Yes, this. It is just the same with plants. Growing up in a passionate gardening environment (at one time there were three Master Gardeners in my immediate family, with three others working in the landscaping/nursery industry), where latin binomial nomenclature was just part of ordinary language, it always gave me pause how bizarrely ignorant the general populace is, even those who profess to “love gardening”. Goes double for anything to do with animals, whether it be domestic or wild.
I can’t remember a time before I was fascinated with animals, all animals but of course particularly horses (and dogs). I too was one of those people who read and re-read the entire row of 636 in the public library, and every single book of fiction that had a horse in it. By the time I was ten I could distinguish between a rhea and a cassowary, and had read long articles on the intelligence of cephalopods.

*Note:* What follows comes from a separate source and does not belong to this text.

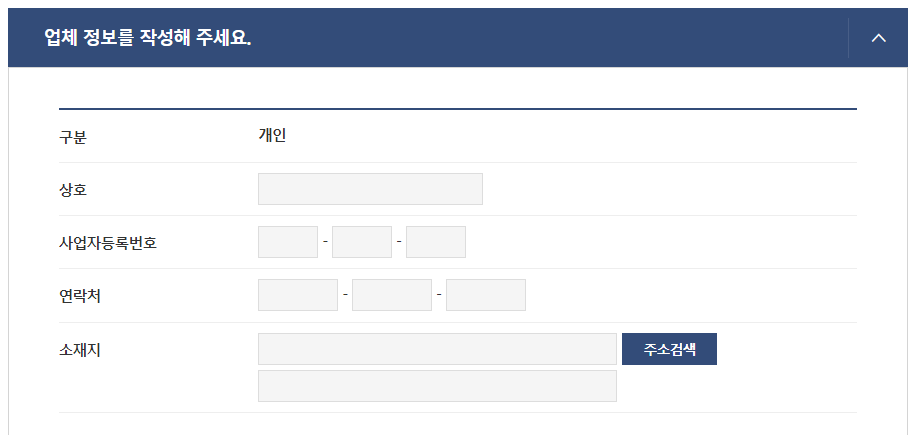 업체 정보 입력화면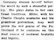finest traditions. Hitler, with his Charlie Chaplin mustache

In my teens and early twenties I worked on various farms – an organic vegetable and flower farm, a sheep ranch, a diversified subsistence farm (where they put me to work baking the weekly bread and churning vast quantities of butter to freeze for the winter, while trying to train their half-wild horses). I helped butcher and process chickens, ducks, pigs, sheep.
It’s really hard for me to comprehend just how tiny the span of knowledge in the general public is. They know how to drive to the store and buy things, and use a computer. They barely read and write. They know nothing of the natural world – aka the real world. Come the climate disasters ahead, I think a lot of people won’t do well.